Start of INPUT MATERIAL

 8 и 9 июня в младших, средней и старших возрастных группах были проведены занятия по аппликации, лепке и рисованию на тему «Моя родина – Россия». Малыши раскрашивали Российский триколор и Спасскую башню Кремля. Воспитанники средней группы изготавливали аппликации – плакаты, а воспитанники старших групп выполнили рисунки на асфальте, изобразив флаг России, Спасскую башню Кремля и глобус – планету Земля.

End of INPUT MATERIAL
Start of INPUT MATERIAL

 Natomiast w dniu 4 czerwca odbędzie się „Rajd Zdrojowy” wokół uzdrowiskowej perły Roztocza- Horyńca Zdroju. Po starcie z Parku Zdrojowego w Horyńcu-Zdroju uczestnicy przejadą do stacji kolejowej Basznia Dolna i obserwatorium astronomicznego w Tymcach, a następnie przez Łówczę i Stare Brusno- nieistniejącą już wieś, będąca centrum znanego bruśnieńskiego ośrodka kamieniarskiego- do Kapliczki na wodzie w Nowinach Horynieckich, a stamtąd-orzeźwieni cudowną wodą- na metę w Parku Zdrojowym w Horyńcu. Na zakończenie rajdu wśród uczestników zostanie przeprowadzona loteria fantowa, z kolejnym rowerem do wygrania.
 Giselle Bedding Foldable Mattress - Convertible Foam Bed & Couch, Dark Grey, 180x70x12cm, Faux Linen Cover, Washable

End of INPUT MATERIAL
Start of INPUT MATERIAL

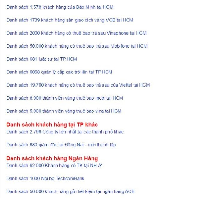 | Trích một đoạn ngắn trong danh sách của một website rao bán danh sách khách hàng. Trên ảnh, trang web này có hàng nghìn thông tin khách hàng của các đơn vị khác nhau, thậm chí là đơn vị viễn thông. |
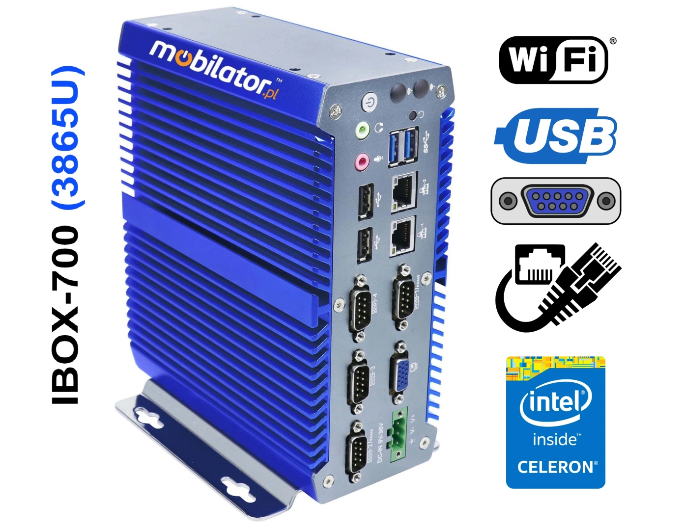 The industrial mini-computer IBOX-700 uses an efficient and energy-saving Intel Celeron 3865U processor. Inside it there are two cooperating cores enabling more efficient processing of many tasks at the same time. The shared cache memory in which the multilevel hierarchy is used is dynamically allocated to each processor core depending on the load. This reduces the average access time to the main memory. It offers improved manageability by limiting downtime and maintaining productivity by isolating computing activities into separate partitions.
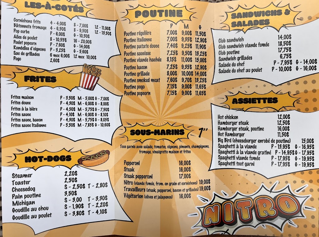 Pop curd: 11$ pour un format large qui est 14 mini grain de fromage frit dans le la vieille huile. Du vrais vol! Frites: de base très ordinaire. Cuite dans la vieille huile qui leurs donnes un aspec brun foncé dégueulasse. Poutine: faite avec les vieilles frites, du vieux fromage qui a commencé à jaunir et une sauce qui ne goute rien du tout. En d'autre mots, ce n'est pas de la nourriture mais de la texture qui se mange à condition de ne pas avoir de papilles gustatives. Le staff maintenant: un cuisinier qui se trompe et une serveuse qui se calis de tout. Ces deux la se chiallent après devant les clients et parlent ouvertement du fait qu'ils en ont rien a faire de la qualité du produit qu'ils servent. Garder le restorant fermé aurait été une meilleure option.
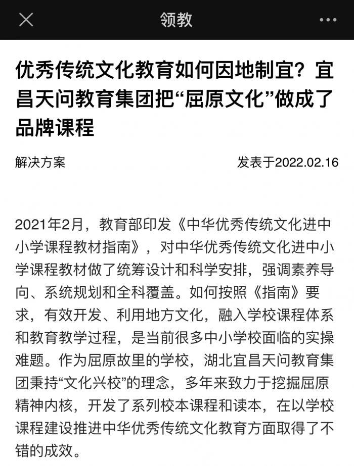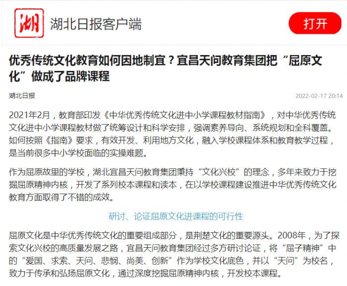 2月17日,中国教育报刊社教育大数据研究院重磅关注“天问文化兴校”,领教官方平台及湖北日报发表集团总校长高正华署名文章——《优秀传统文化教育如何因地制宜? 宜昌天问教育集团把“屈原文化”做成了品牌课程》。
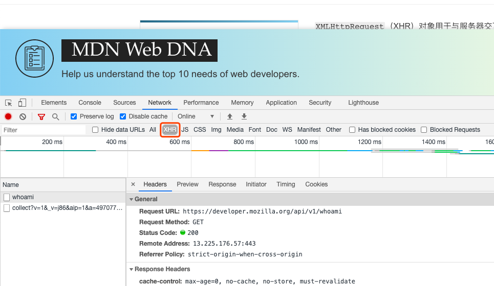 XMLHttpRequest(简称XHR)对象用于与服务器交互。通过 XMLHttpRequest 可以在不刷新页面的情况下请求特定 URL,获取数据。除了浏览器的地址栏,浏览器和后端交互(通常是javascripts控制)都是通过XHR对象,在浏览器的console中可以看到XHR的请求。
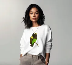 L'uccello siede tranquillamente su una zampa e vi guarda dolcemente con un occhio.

End of INPUT MATERIAL

_WHAT TO PRODUCE_
Print, word for word, the lines above that run from the line containing "2月17日,中国教育报刊社教" to the line containing "L'uccello siede tranquillamente", both included. Keep the pictures out.

_SOLUTION TO THIS EXERCISE_
 2月17日,中国教育报刊社教育大数据研究院重磅关注“天问文化兴校”,领教官方平台及湖北日报发表集团总校长高正华署名文章——《优秀传统文化教育如何因地制宜? 宜昌天问教育集团把“屈原文化”做成了品牌课程》。
 XMLHttpRequest(简称XHR)对象用于与服务器交互。通过 XMLHttpRequest 可以在不刷新页面的情况下请求特定 URL,获取数据。除了浏览器的地址栏,浏览器和后端交互(通常是javascripts控制)都是通过XHR对象,在浏览器的console中可以看到XHR的请求。
 L'uccello siede tranquillamente su una zampa e vi guarda dolcemente con un occhio.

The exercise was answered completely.